By Leisa Boley Hellwarth, a dairy farmer and attorney near Celina
Doctors shouldn’t practice law. Lawyers shouldn’t practice medicine. And politicians shouldn’t practice medicine either, but I digress. Some of the most practical and timely legal information I’ve read recently came from a physician practicing in a COVID-19 Unit in Detroit, who shared what she wished her patients had completed prior to their coronavirus diagnosis, advance directives. These legal documents are a set of instructions someone prepares in advance of ill health that determines his healthcare wishes. End of life is a topic none of us likes to contemplate, but according to the doc, not dealing with the inevitable can make the inevitable even more problematic and painful for the patient and the family.
She shared the anguish of the next of kin of a 30-year old patient whose body was unable to fight the coronavirus. He had not executed any legal documents nor had he ever discussed the issues with his family. As a result, his parents disagreed. The father wanted palliative care while the mother pushed for every possible treatment. Sadly, the son died, and the parents were mourning while angry with each other.

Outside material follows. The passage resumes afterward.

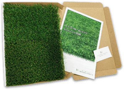 モノガーデンの人工芝「Resort」「Noble」それぞれのサンプルに、人工芝の特徴をご紹介するパンフレットを添えてお送りいたします。

Statistics indicate that only about one-third of all Americans have authorized advance directives. In Ohio, living wills, durable power of attorney, organ donation and Do Not Resuscitate Orders are advance directives that are authorized by state law.
The living will is the original advance directive. This document lets people state their wishes for end-of-life medical care, in case they become unable to communicate their decisions. Under Ohio law, a living will declaration is applicable only to individuals in a terminal condition or a permanently unconscious state. If you wish to direct medical treatment in other circumstances, you should prepare a health care power of attorney. If you are in a terminal condition or a permanently unconscious state, the living will declaration controls over a health care power of attorney.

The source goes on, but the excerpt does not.